Cowboy and drifter Frank Clifford lived a lot of lives—and raised a lot of hell—in the first quarter of his life. The number of times he changed his name—Clifford being just one of them—suggests that he often traveled just steps ahead of the law. During the 1870s and 1880s his restless spirit led him all over the Southwest, crossing the paths of many of the era’s most notorious characters, most notably Clay Allison and Billy the Kid.

More than just an entertaining and informative narrative of his Wild West adventures, Clifford’s memoir also paints a picture of how ranchers and ordinary folk lived, worked, and stayed alive during those tumultuous years.
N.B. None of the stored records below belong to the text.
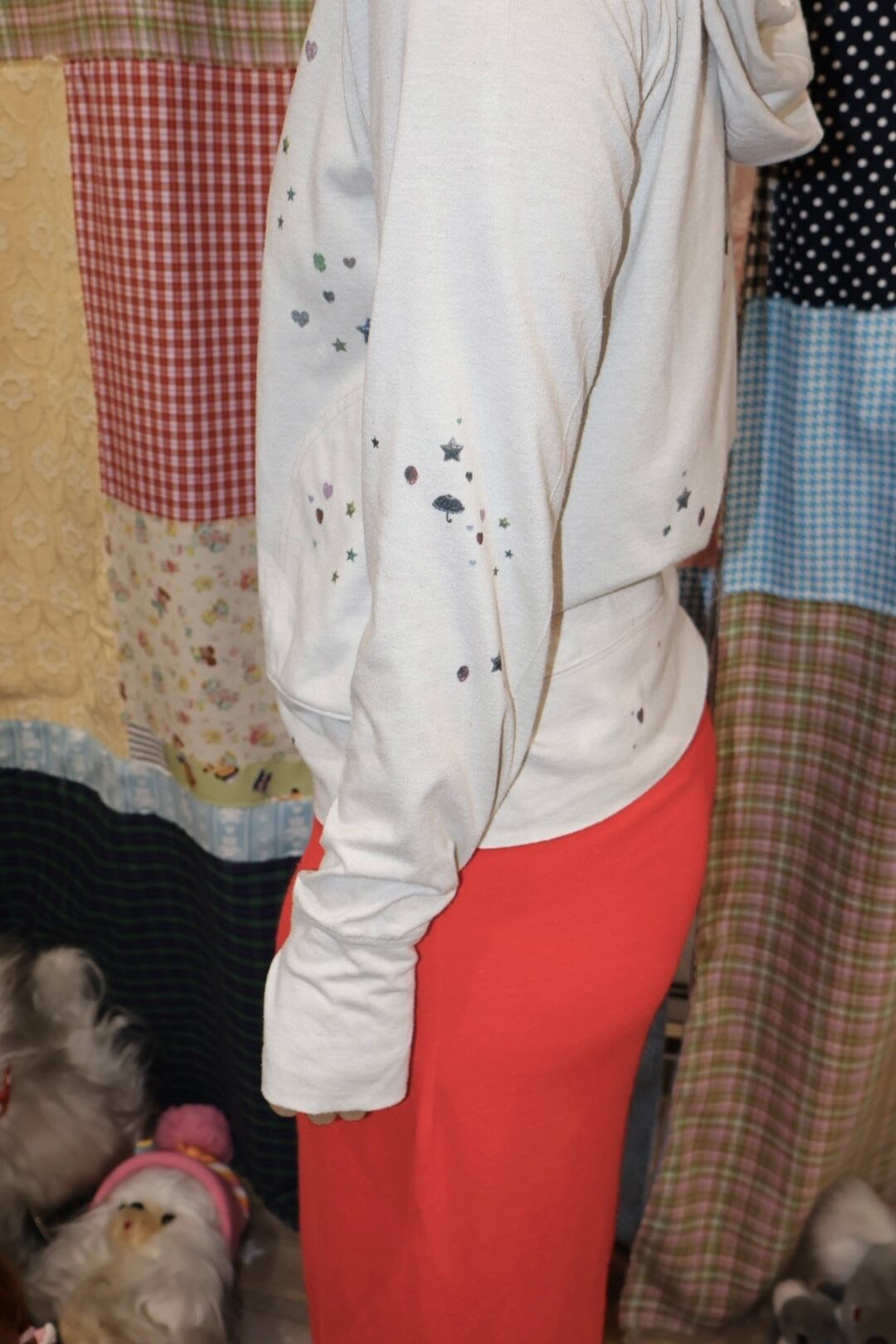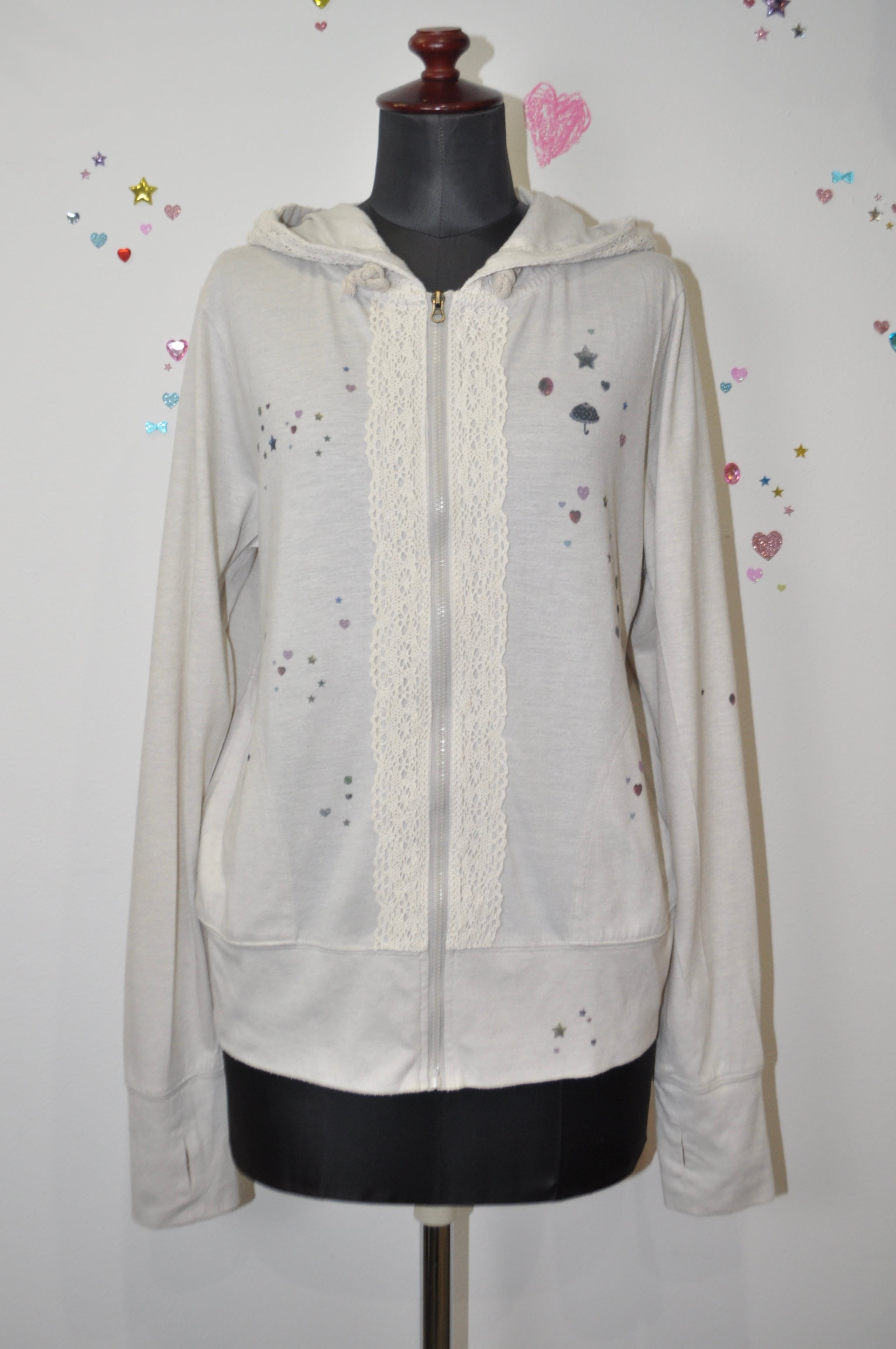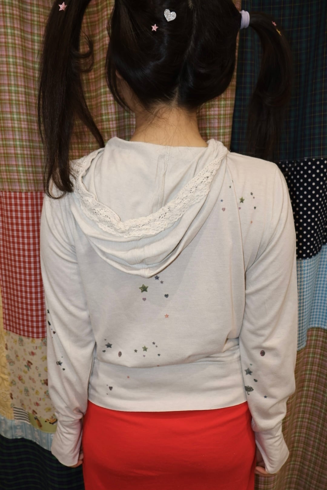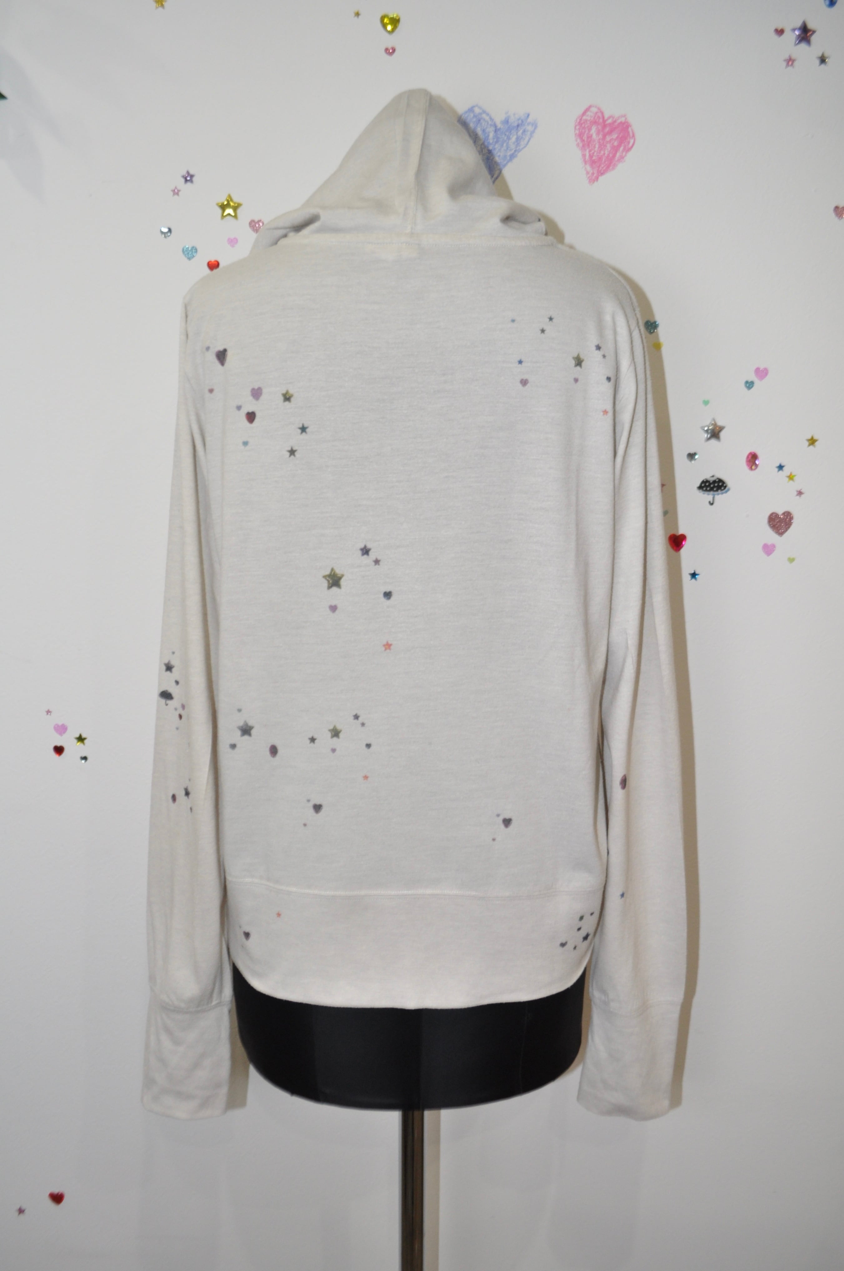 軽く羽織れる生地で、キラキラのプリントがあちこちにあるの。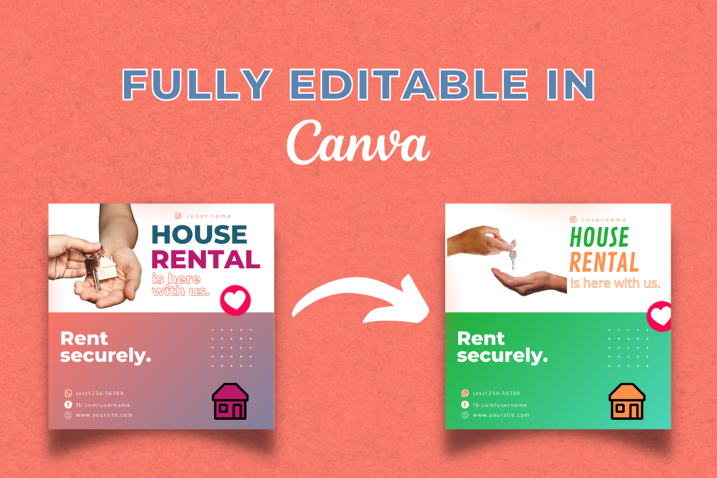 These ready-to-customize templates can be edited in the Free Version of Canva. Each element inside the Real Estate Canva template bundle is free for you to use. There is no need to upgrade to a pro version to be able to use the template.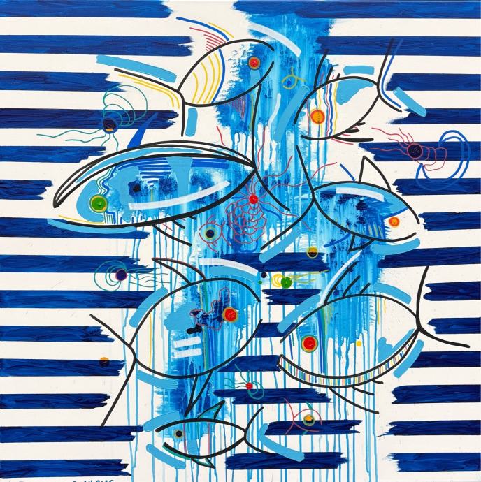 Originalna slika akademskog slikara Ostrmana , 100x100 cm , iz serije "Play" .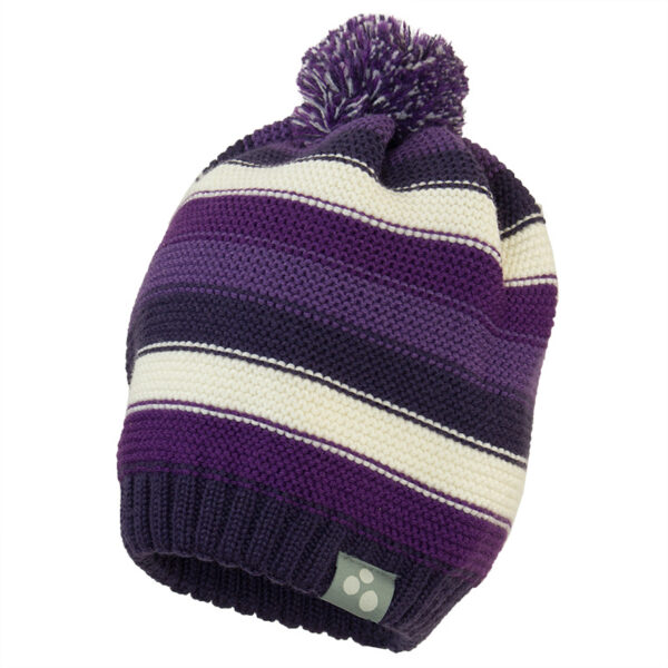 Children´s hat. It is made of 50% merino wool, 50% acrylic and has a cotton jersey lining. The hat is decorated with a colorful tassel.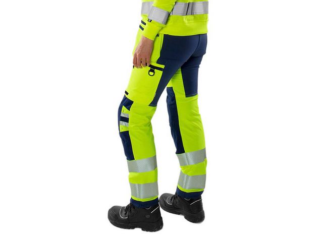 För hantverkare, montörer och installatörer. Miljödeklarerade varselbyxor med stretch, anpassade för kvinnor Dessa certifierade varselbyxor i dammodell kombinerar funktionalitet med ett hållbarhetsfokus. Plagget är utvecklat med en flexibel 4-vägsstretch och förstärkta partier för ökad rörelsefrihet och slitstyrka i krävande arbetsmiljöer. Midjan har stretchpaneler som ger följsam passform hela dagen. Tillverkade i delvis biobaserat och återvunnet material och miljödeklarerade enligt EPD. Material: Stretchmaterial 44% PTT (delvis biobaserat material), 44% polyester, 12% återvunnen polyester. Ripstop stretchmaterial 87% polyamid, 13% elastan. Vikt: 260 g/m2 Certifieringar: EN 14404 med knäskydd 161608, EN 20471, EN 13758-2, RIS-3279-TOM Tvättråd: Kan maskintvättas i maxtemperatur 60°C Oeko-Tex Standard 100: Ö 97-055 RISE, www.oeko-tex.com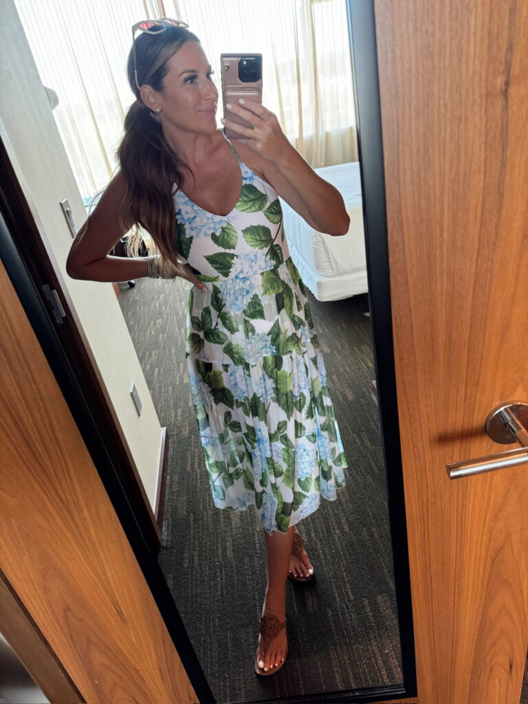 In a medium v neck coverup dress, sandals and accessories – all fits TTS.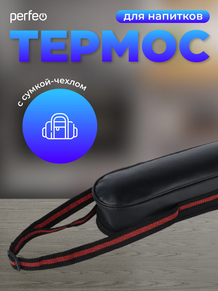 Отзывы на Термос PERFEO для напитков с пробкой-кнопкой, сумкой, объем 0,75 л, нерж. сталь (PF_E1365)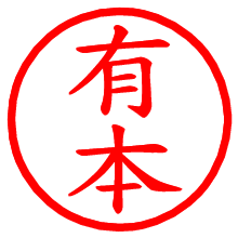 [朱肉の色]を選び、入力窓に“有本”と入力して[生成]ボタンを押すと、印影が更新され、リンクから電子印鑑(デジタル印影)がダウンロードできます。 電子印鑑「有本」の作り方文字表示が変なときや、文字バランスが悪いときは[字形切替]のチェックボックスでON/OFFを切り替え[生成]しなおしてください。 生成される画像は通常の印影「有本.png」と、にじみを表現した少し太めの印影「有本B.png」の背面透過PNG形式2種と、鮮明なPDF形式の印影「有本.pdf」の計3種類です。 朱肉の微妙な色の違いを7色で表現しました。デフォルト(左端)は、JISが定めた朱肉の色のマンセル値(7.5R 5/14)をRGB値(217,66,54)に変換したものになっています。 「電子透かし」にチェックを入れて[生成]ボタンを押すと、タイムスタンプを透かしとして埋め込んだセキュアな電子印鑑が作れます。詳細は別ページの「電子透かしとタイムスタンプ」でご覧ください。 有本さんの日付印が作れます。「日付スタンプメーカー」は、社内向けの書類に利用されることの多い日付印(データ印)が無料で作れるWebアプリケーションです。中段に日付が入り、上段と下段は、ともに8文字まで文字が入ります。 ![]() 古代文字で落款印が作れます。「落款スタンプメーカー」で作品を引き立たせる落款印が作れます。
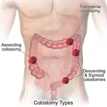 Placement of the stoma on the abdomen can occur at any location along the colon, but the most common placement is on the lower left side near the sigmoid where a majority of colon cancers occur. Other locations include the ascending, transverse, and descending sections of the colon.[4]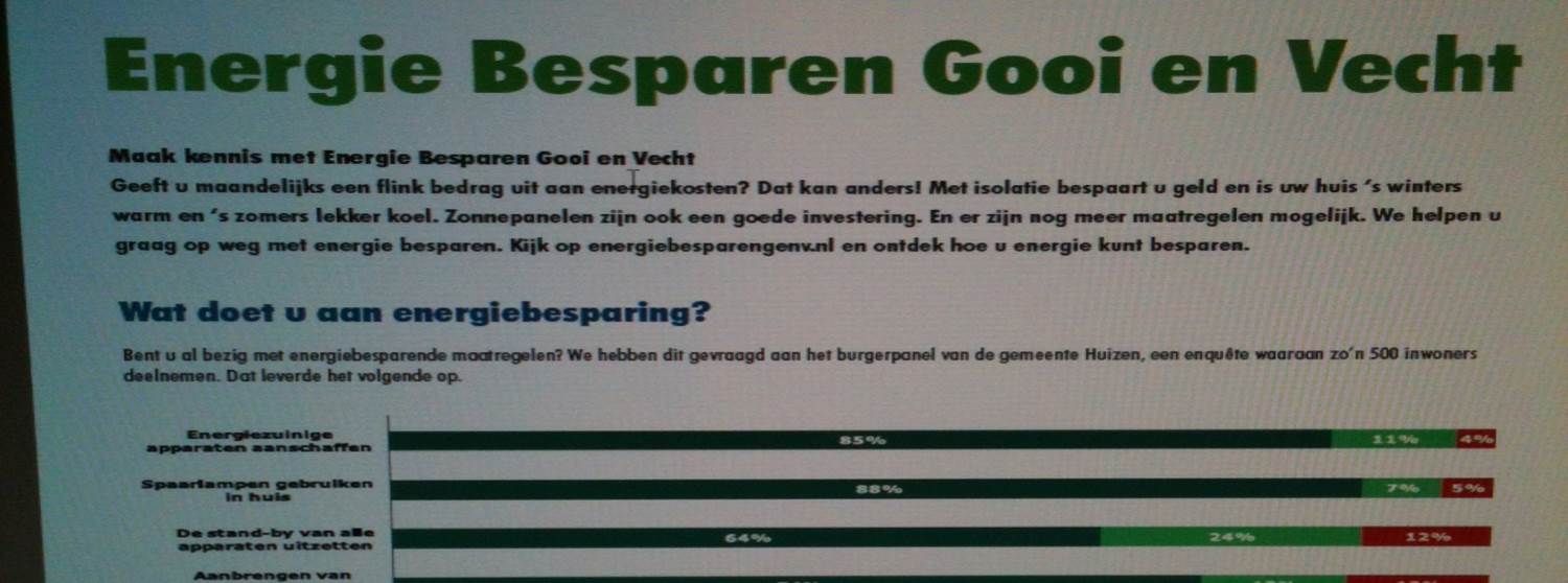 Circa 500 burgers gaven in het burgerpanel antwoord op deze vragen. De antwoorden staan in de milieukrant die deze week weer bij alle Huizer-huishoudens op de mat valt. En natuurlijk is ook in deze editie weer volop aandacht voor Energie Besparen Gooi en Vecht.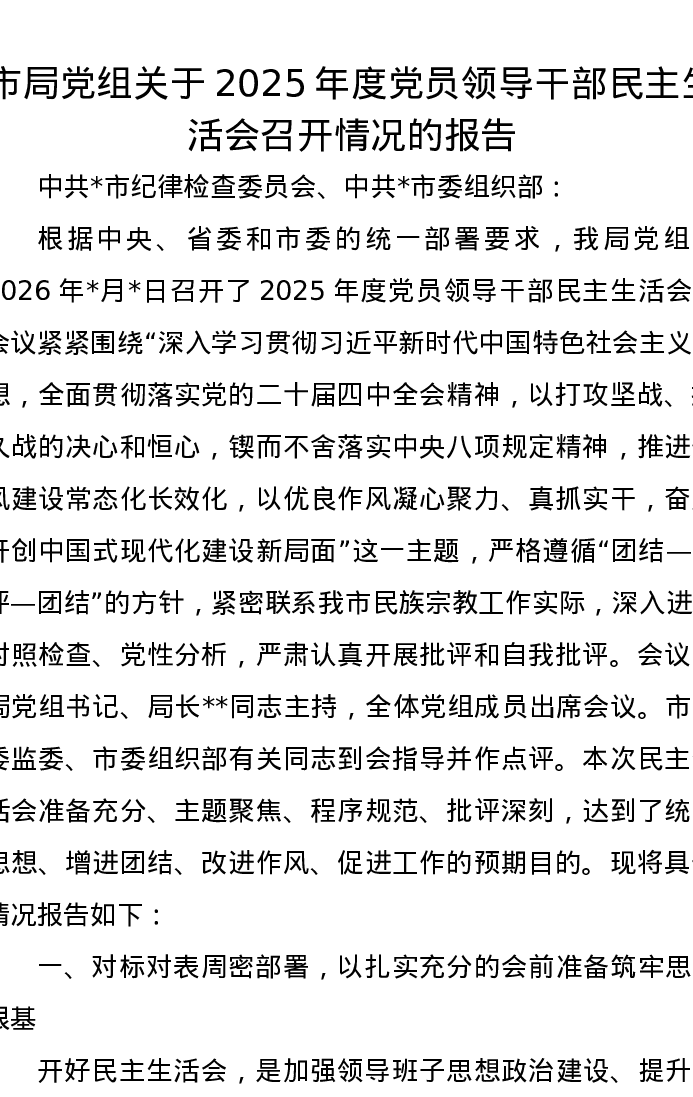 市局党组关于2025年度党员领导干部xxxxx召开情况的报告

Written in 1940 and edited and annotated by Frederick Nolan, Deep Trails in the Old West is likely one of the last eyewitness histories of the old West ever to be discovered.

As Frank Clifford, the author rode with outlaw Clay Allison’s Colfax County vigilantes, traveled with Charlie Siringo, cowboyed on the Bell Ranch, contended with Apaches, and mined for gold in Hillsboro. In 1880 he was one of the Panhandle cowboys sent into New Mexico to recover cattle stolen by Billy the Kid and his compañeros—and in the process he got to know the Kid dangerously well.

In unveiling this work, Nolan faithfully preserves Clifford’s own words, providing helpful annotation without censoring either the author’s strong opinions or his racial biases. For all its roughness, Deep Trails in the Old West is a rich resource of frontier lore, customs, and manners, told by a man who saw the Old West at its wildest—and lived to tell the tale.